The Canadian dollar CADUSD steadied near an earlier two-week low against its U.S. counterpart on Tuesday as cooler-than-expected domestic inflation data fueled bets for another Bank of Canada interest rate cut this month.
The loonie was trading nearly unchanged at 1.3685 to the U.S. dollar, or 73.07 U.S. cents, after touching its weakest intraday level since July 2 at 1.3707.
Canada’s annual inflation rate cooled to 2.7 per cent in June, largely due to softer growth in gas prices, while core inflation measures were marginally down. Analysts had forecast the inflation rate would ease to 2.8 per cent from 2.9 per cent in May.
“June’s CPI print was a small relief after an upside surprise in May,” Claire Fan, an economist at Royal Bank of Canada, said in a note.
“All told, we expect the BoC will carry on with easing the monetary brakes on a weak economy, and follow up with another rate cut at its July meeting next week.”
Investors see a roughly 90 per cent chance the BoC will cut rates on July 24, up from 82 per cent before the data.

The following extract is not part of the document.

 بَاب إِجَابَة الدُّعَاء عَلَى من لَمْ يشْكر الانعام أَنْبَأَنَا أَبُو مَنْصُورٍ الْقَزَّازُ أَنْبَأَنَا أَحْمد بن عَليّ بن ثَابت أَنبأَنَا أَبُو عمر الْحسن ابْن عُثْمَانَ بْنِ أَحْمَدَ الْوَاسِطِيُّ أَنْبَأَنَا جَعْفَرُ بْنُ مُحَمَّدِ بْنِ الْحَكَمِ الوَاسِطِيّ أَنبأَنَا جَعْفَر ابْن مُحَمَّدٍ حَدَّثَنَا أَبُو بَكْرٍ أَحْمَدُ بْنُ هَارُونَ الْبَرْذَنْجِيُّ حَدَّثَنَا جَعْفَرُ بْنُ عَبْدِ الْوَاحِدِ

Last month, the BoC became the first G7 central bank to begin easing policy, lowering its benchmark rate by 25 basis points to 4.75 per cent.

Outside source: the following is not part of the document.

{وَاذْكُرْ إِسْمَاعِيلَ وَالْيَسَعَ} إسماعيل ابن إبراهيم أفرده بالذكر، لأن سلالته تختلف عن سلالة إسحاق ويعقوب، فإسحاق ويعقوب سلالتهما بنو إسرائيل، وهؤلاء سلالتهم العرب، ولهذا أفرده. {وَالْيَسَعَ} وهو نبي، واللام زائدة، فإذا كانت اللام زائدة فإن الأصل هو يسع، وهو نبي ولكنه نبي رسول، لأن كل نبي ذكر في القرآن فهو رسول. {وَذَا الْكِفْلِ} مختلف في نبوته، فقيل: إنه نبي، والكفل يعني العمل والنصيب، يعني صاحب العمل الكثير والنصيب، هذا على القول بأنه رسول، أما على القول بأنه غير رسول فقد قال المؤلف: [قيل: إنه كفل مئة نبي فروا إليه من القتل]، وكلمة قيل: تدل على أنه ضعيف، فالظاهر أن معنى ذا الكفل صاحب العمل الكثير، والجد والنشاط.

Separate data showed Canadian housing starts falling 9 per cent in June as groundbreaking decreased on multiple unit urban homes.

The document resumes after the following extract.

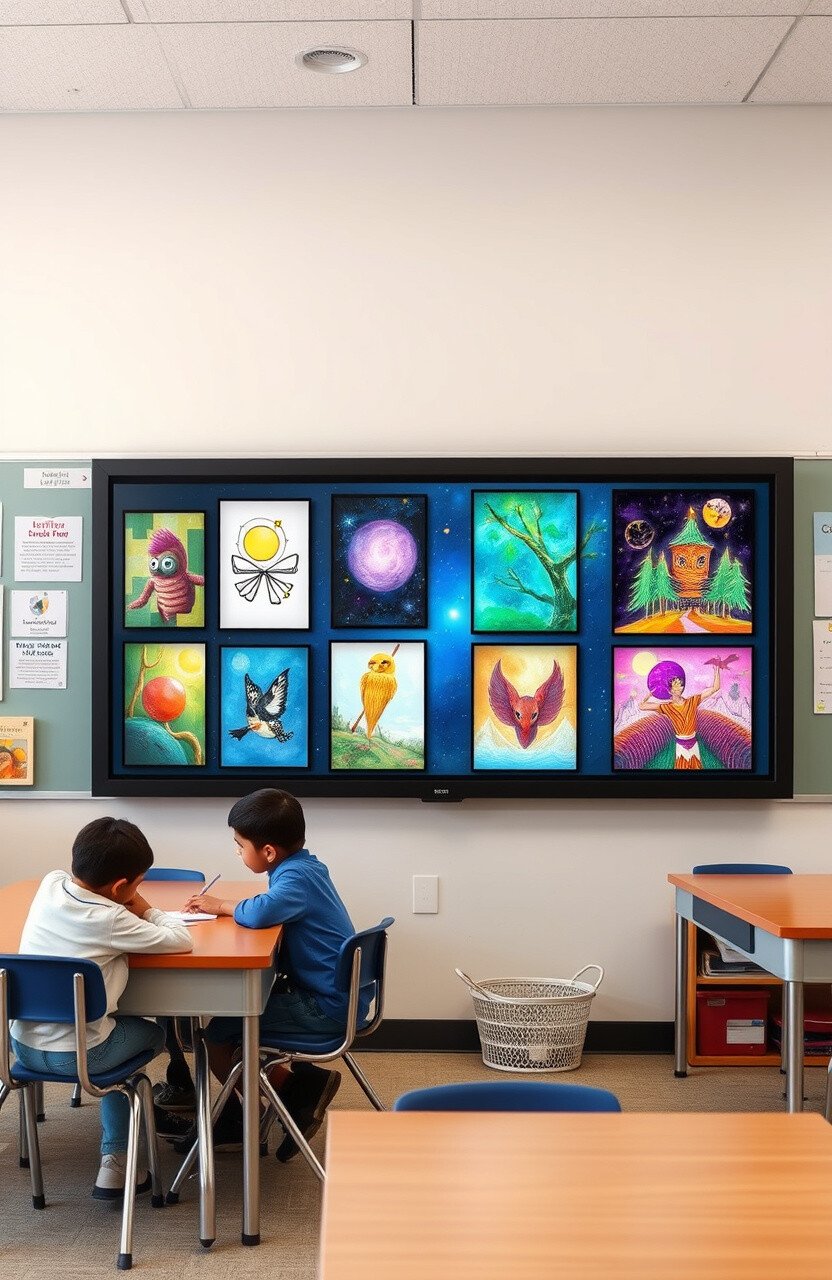 Install digital frames that rotate student artwork. Each piece gets its moment to shine, like a gallery exhibition.

The U.S. dollar rose against a basket of major currencies as U.S. data showed strength in the underlying trend for retail sales, while the price of oil, one of Canada’s major exports, fell on worries of a slowing Chinese economy.
U.S. crude oil futures were down 1.6 per cent at $80.59 a barrel.
The Canadian 10-year yield was down 4.6 basis points at 3.372 per cent, while it moved 2.3 basis points further below its U.S. equivalent to a gap of 83.4 basis points.